Завидов вновь заревел от боли.
— Вот теперь ты сам чувствуешь то, что по ночам испытывали несчастные ребята, которых ты обрабатывал своей табуреткой. Чего тебе не хватало? Денег? Их здесь некуда тратить и платят достаточно. Голубым тебя тоже не считают, тогда что тебе от людей надо? Отвечай, когда с тобой говорят!
— Отпусти руку, гад, ничего мне от них не надо! Отпусти руку, или я тебя убью!
— Этого я тебе не позволю. Убить меня ты не сможешь. — Сергей несколько ослабил хватку. — А вот объяснить придется.
И в этот момент гнев и ярость, дающие ему силу, отпустили его, и вместо них пришло понимание.
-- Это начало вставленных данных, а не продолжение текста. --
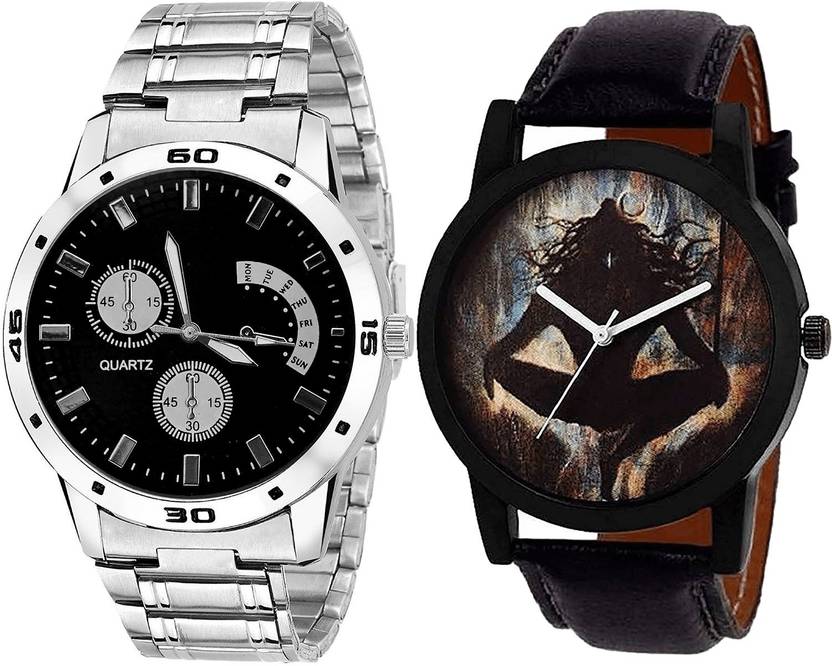 Treading Quartz Mahadev Analogue Silver And Black Color Boys And Men Watch - B83-B24 (Combo Of 2 )

На одно короткое мгновение Сергей сам вдруг стал этим несчастным парнем, заводилой и шалопаем, так и не сумевшим ничего путного слепить из своей жизни. Несущим через все юношеские годы обиду на спившихся родителей, бросивших его на произвол судьбы. На девчонку, которую любил и которая предпочла ему другого парня. На заводские ночные смены, пропитанные машинным маслом и усталостью, от которой мутится в голове. На возвращение в общежитие через весь просыпающийся город, когда чувствуешь себя отщепенцем, изгнанным из жизни, которая не принадлежит тебе и проносится мимо в шикарных автомобилях, отражаясь в сверкающих витринах дорогих магазинов…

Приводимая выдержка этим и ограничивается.